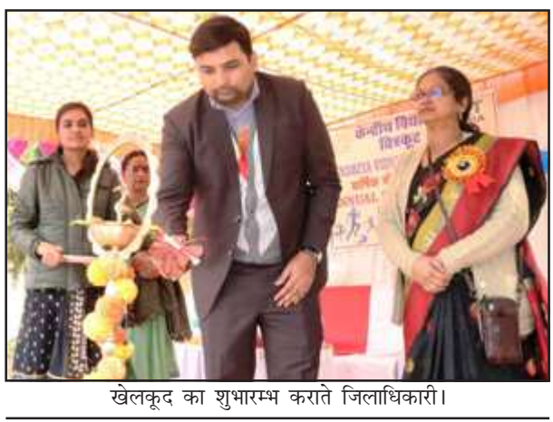
खेलकूद का शुभारंभ करते जिलाधिकारी।
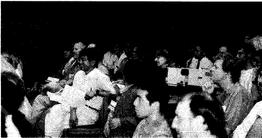
第4図 “つどい”の講演会場の模様
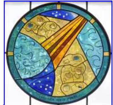
1. Chaos (..die Erde war öd und wüst..)
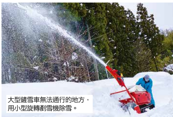
大型鏟雪車無法通行的地方， 用小型旋轉剷雪機除雪。
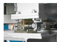
Mischer auf Wägezellen, z.B. zur Entleersteuerung
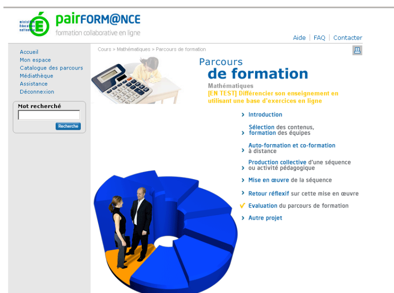
Figure 1. La plate-forme nationale Pairform@nce et les 7 étapes d'un parcours de formation

Pairform@nce mobilise donc trois types d'acteurs : les concepteurs de parcours (qui seront mis en ligne sur une plate-forme nationale après une expertise), les formateurs qui vont concevoir des formations s'appuyant sur ce parcours dans les académies, et enfin les enseignants stagiaires qui vont suivre ces formations et concevoir des ressources pour leurs propres classes. Le dispositif suppose une certaine homogénéité des parcours : ceux-ci doivent être structurés en 7 étapes : entrée dans la formation, sélection des contenus d'enseignement, co et autoformation, conception de situations, mise en œuvre de la situation dans la classe, retour réflexif, évaluation de la formation (fig. 1). Ces 7 étapes, et les ressources à concevoir pour chacune, sont précisées dans un « cahier des charges du concepteur ».
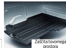
Zaščita tovornega prostora
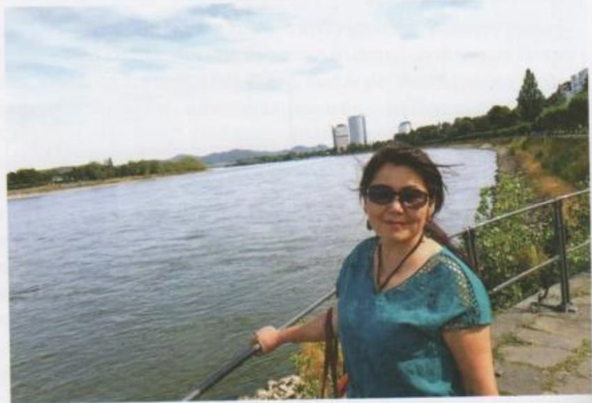
Атактуу Рейн дарыясынын жээгинде.
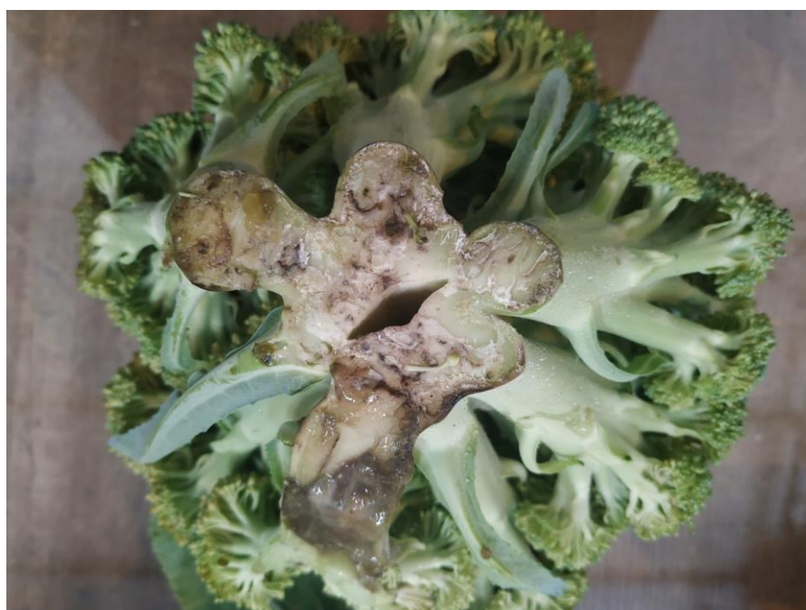
Figura 1 – Brócolis reprovado do fornecedor CH Comercial Ltda.

════════════════════

*Task description:* Wherever the string "Pairform" occurs in a line of the listing above, count that line, and report only the total.

*Answer area:* 2